问题
I am following a tutorial online and the code is this:
class Hands(list):
def __init__(self, size=0, die_class=None, *args, **kwargs):
if not die_class:
raise ValueError("You must provide a die class")
super().__init__()
for _ in range(size):
self.append(die_class())
It basically models a player with a number of dice (size) and what dice they are holding (die_class).
My confusion is why do we need to call super().__init__? I tried running the code without it and it worked fine! Why is the call necessary?
回答1:
You need to call the __init__() if the base class to be sure any initialisation code there is run. That it (seems) to work without that call can be a coincidence, or you may simply haven't hit the resulting problem yet.

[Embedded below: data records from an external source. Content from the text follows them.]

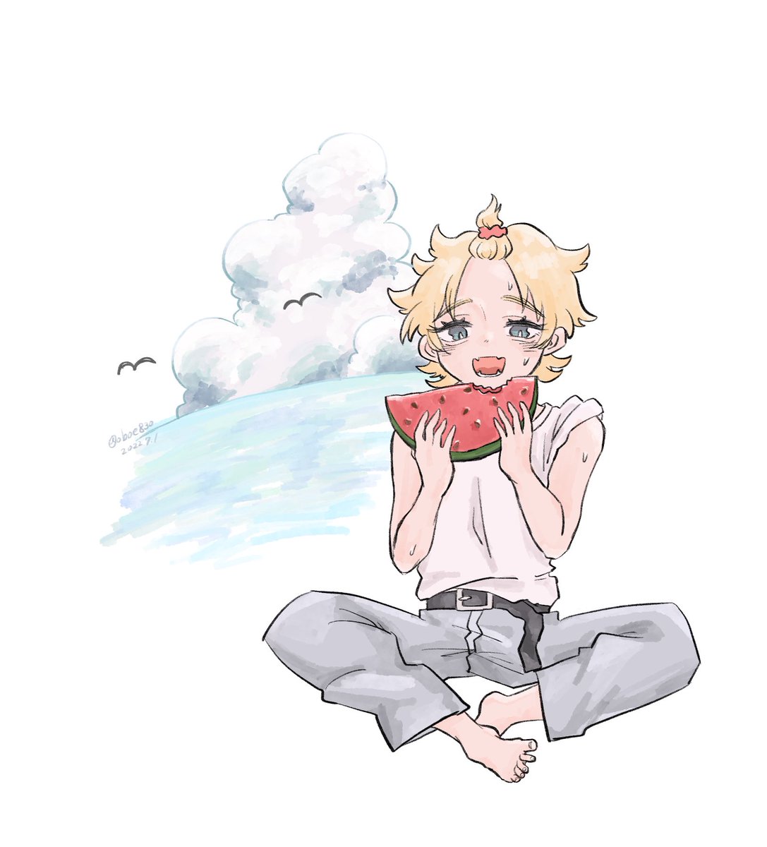 0 5 ☀️🍉 #夏 #イラスト 22/07/01 17:45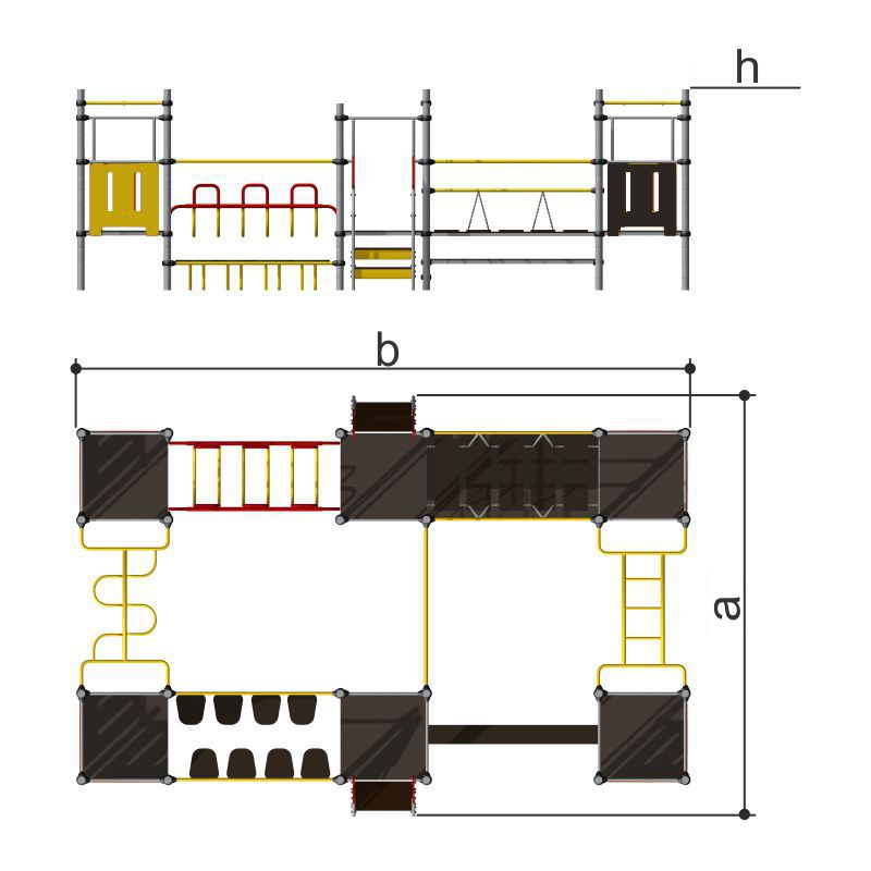 Спортивное оборудование для тематических игр и физического развития предназначено для детей в возрасте от 7 лет. Изделие представляет собой сборно-разборную каркасную конструкцию из металлических труб и фанерных элементов, установленную на забетонированные стойки. Изделие устанавливается на открытых уличных участках, находящихся под контролем ответственного лица – эксплуатанта. Установка должна проводится на ровной площадке, свободной от насаждений. В зоне безопасности должно быть ударопоглощающее покрытие (песок, древесные опилки) минимальной толщиной 300 мм. -
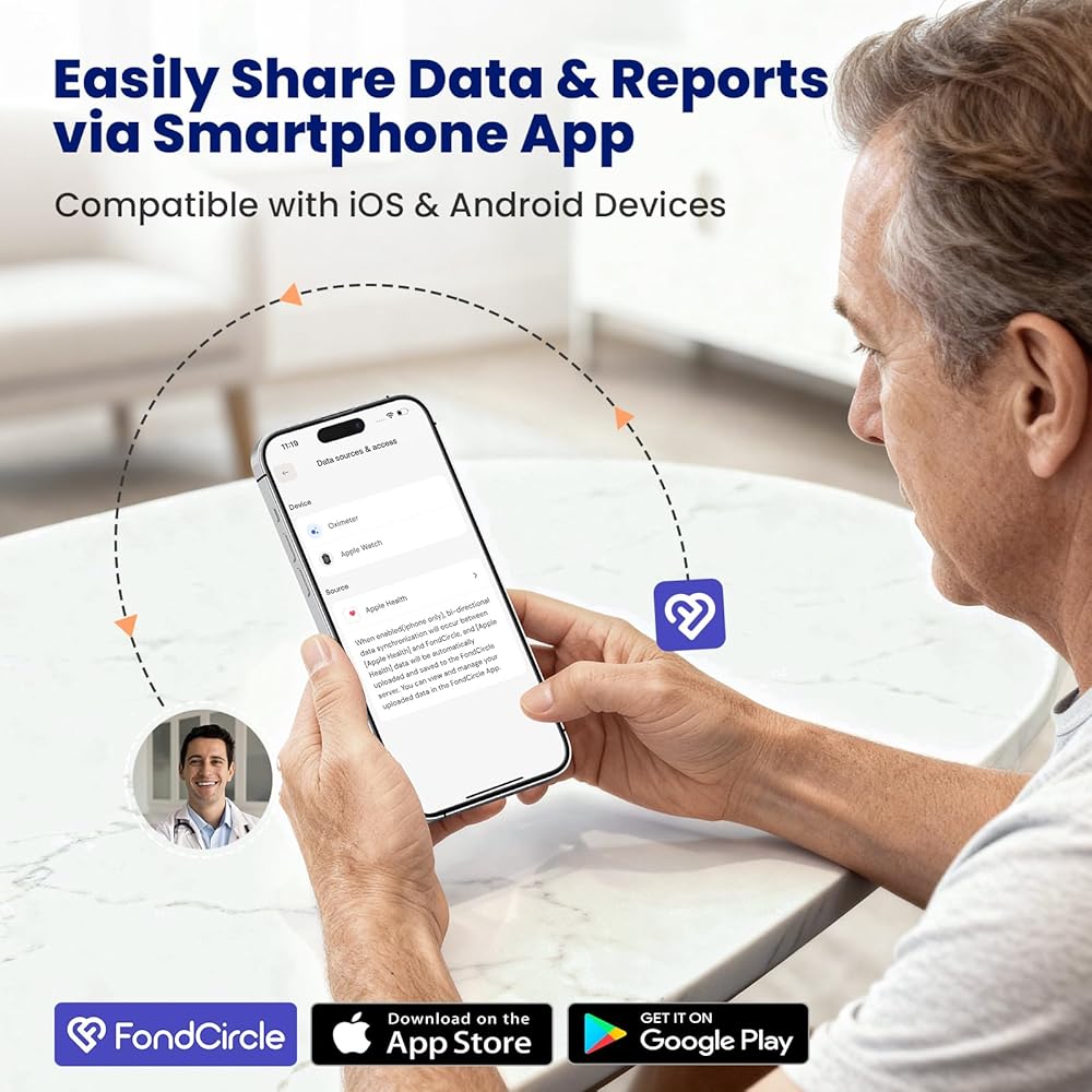 • تكامل تطبيق بلوتوث الذكي: مزامنة بيانات اللياقة البدنية الخاصة بك بسلاسة مع تطبيق FondCircle عبر البلوتوث (iOS 14.0+ / Android 8.0+). تخلص من الحاجة إلى التسجيل اليدوي — تتبع اتجاهاتك الصحية على المدى الطويل من خلال التخزين التلقائي للبيانات التاريخية. يمكنك بسهولة تصدير تقارير CSV لمشاركتها مع طبيبك أو مدرب اللياقة البدنية أو الاحتفاظ بها في سجلاتك الصحية الشخصية.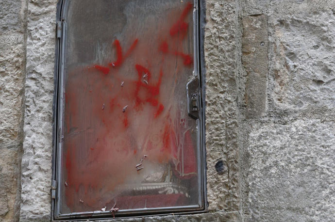 Operarios municipales han acudido a las pocas horas para limpiar la pintura roja. Lamentablemente no es la primera vez que ocurre algo así con la hornacina, en octubre de 2013, cuando apedrearon el cristal y la imagen tuvo que ser retirada temporalmente. También entonces, en el muro en el que se ubica la hornacina apareció escrito un mensaje contra el proyecto de museo de los Sanfermines.

Even if it works consistently in the Python version and implementation you are using currently, it isn't guaranteed for other versions and implementations to work without calling the base class' __init__ method.
Also you can actually use that call to populate the list with your dice objects:
class Hands(list):
def __init__(self, size=0, die_factory=None):
if not die_factory:
raise ValueError('You must provide a die factory')
super().__init__(die_factory() for _ in range(size))
I've renamed die_class to die_factory as any callable that produces a new die object can be used here.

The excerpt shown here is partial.